Sobre essa profusão de referências nas artes, que passaram a se configurar como

uma das mais fortes características do pós-modernismo, Jameson faz uníssono a

Huyssen, embora não encontremos em Jameson o mesmo otimismo em relação ao

potencial crítico das manifestações pós-modernas - nem mesmo em sua primeira fase,

nos anos 1960. Mas é certo afirmar que, para Jameson, um dos traços mais evidentes da

emergência do pós-modernismo é o apagamento da antiga fronteira moderna entre a alta

cultura e a cultura denominada de massas ou comercial. Nesse aspecto, Jameson é

enfático ao afirmar que os artistas pós-modernos passaram a privilegiar novos textos

impregnados de formas, categorias e conteúdos da indústria cultural, num verdadeiro

culto ao kitsch e ao brega, às paisagens degradadas - inspiradas nos anúncios de motéis

(21)

de Las Vegas - no conteúdo do cinema B de Hollywood, na ficção científica e no romance fantástico ou nos best-sellers de aeroporto. “Eles não mais citam tais textos como teriam feito um Joyce ou um Mahler, eles os incorporam, a ponto de parecer cada vez mais difícil traçar a linha que separa a alta arte das formas comerciais” (JAMESON, 2006a:19).

David Harvey afirma que o aspecto mais peculiar ao pós-modernismo talvez tenha sido “sua total aceitação do efêmero, do fragmentário, do descontínuo e do caótico”; para ele, entre a miríade de posições teóricas conflitantes sobre o que significava o pós-modernismo, o único ponto comum à analise dos diversos críticos esbarrava no fato de o pós-modernismo representar uma espécie de reação ao modernismo ou mesmo o afastamento de suas bases.
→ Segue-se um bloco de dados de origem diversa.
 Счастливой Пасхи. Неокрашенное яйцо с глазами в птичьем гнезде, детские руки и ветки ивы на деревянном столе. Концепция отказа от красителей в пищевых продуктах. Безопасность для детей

Como resumiu o crítico literário Terry Eagleton (apud HARVEY, 2008: 19):

Talvez haja consenso quanto a dizer que o artefato pós-moderno típico é travesso, auto-ironizador e até esquizóide; e que ele reage à austera autonomia do alto modernismo ao abraçar imprudentemente a linguagem do comércio e da mercadoria. Sua relação com a tradição cultural é de pastiche irreverente, e sua falta de profundidade intencional solapa todas as solenidades metafísicas, por vezes através de uma brutal estética da sordidez e do choque.
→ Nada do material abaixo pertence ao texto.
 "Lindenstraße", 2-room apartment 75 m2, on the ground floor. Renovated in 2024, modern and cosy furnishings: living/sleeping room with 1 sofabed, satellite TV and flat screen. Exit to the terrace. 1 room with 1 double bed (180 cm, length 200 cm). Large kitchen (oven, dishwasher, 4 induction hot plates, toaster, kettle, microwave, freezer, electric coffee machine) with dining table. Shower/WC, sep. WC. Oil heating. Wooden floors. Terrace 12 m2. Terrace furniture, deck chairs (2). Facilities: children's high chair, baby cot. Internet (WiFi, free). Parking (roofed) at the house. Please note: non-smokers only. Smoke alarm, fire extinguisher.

Na busca de compreender como as manifestações pós-modernas se situam na contemporaneidade e que relação elas guardam com o período moderno precedente, talvez seja significativo nos atentarmos à crítica realizada por Jameson sobre as artes, as subjetividades e a cultura pós-modernas, pois o autor estabelece um amplo panorama de tais expressões a partir dos anos 1960, bem como apresenta um contraponto das mesmas com àquelas evidenciadas no alto modernismo.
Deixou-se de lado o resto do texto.